Here's an example from distributed computing:
1 Background
1.1 Asynchronous Shared Memory Model
Let's consider a collection of distributed nodes that communicate using
shared memory variables. There is an adversary that controls when a node take steps
and when to deliver messages. The computation is asynchronous, i.e., the
adversary can delay the steps of nodes for any (finite) amount of time.
You can think of a step of a node as a state transition of its local
automaton (according to the algorithm) where the next state is determined
by the current state and the observations of the node since the last step.
1.2 Safety and Liveness
When formally reasoning about the properties of an asynchronous algorithm,
we distinguish between safety and liveness properties. Informally, a
safety property can be interpreted as a guarantee that something "bad"

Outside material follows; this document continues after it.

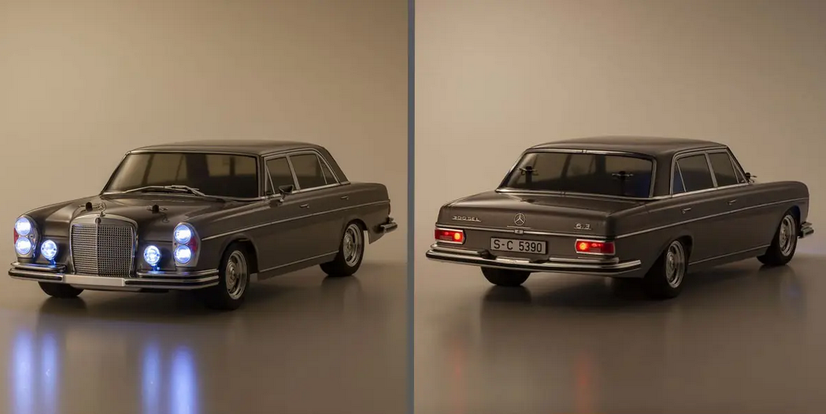 The 300 SEL 6.3, a symbol of Mercedes-Benz's classic cars, has been recreated as an electric R/C car!
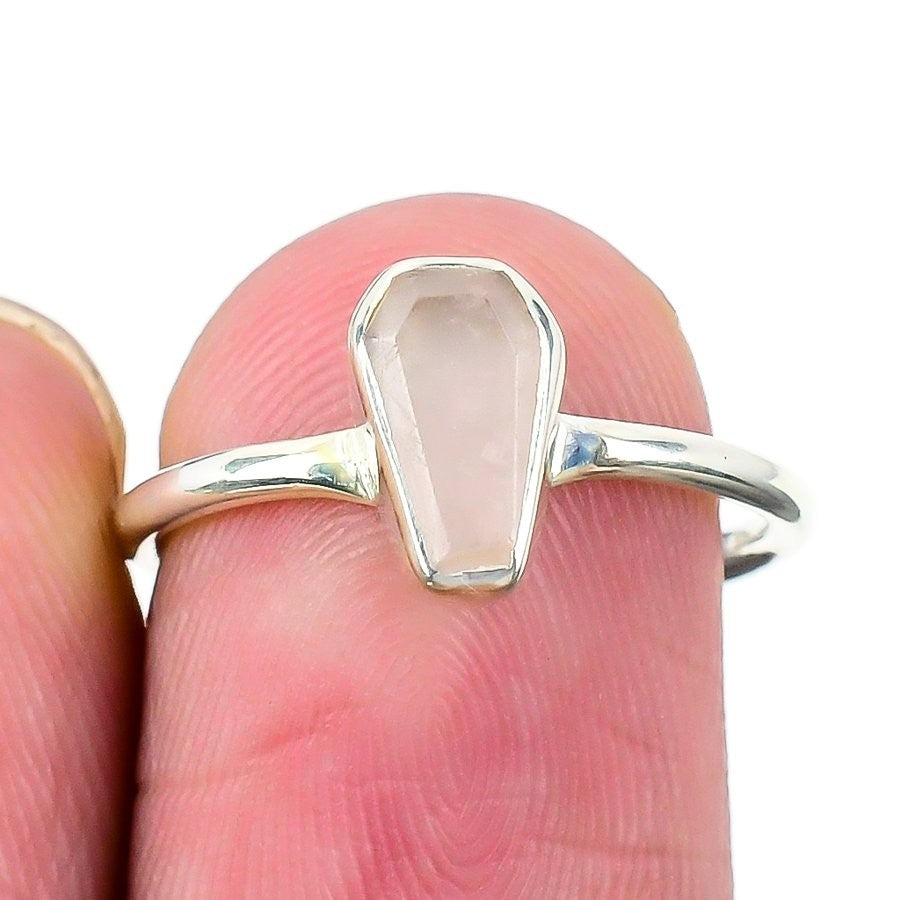 Natural Rose Quartz Statement Mother Wedding New Ring Solid Sterling Silver US 7

never happens. (E.g., for mutual exclusion, a safety property would be
that no two nodes enter the critical section simultaneously.) Liveness,
on the other hand, can be interpreted as "something good will eventually
happen", e.g.: every node eventually terminates.
To formalize safety, we consider the infinite set ${M}$ of all possible
executions of all possible algorithms, taking into account all possible
choices of the adversary. An execution is an infinite sequence of steps. We can define a metric on $M$ by taking the distance between two distinct
runs $\alpha,\beta \in M$ to be $2^{-n}$ where $n$ is the first index where $\alpha$ and $\beta$ differ.
A safety property $S$ corresponds to some nonempty set $P\subseteq M$ that
is closed in the sense that the limit of an infinite
sequence of runs in $P$ cannot be in $M\setminus P$. So once we know that some property is a safety property, it is sufficient to show that this property holds on finite prefixes.
Applying Koenig's Infinity Lemma
It's not always straightforward to see whether a specific property is a
safety property: Consider the implementation of read/write atomic objects
on top of basic shared memory variables. Such an implementation should handle requests and their responses in a way that makes them look as if they happen at some instant in time and don't violate their order of invocation. (Due to the asynchronous operation, the actual duration between request and response might be nonzero.) Atomicity is also known as Linearizability. Section 13.1 of [A] gives a proof that Atomicity is a safety property. The proof uses Koenig's lemma to show that the limit of any infinite sequence of executions (each of which satisfies Atomicity) also satisfies Atomicity.
[A] N. Lynch. Distributed Algorithms. Morgan Kaufmann, 1996.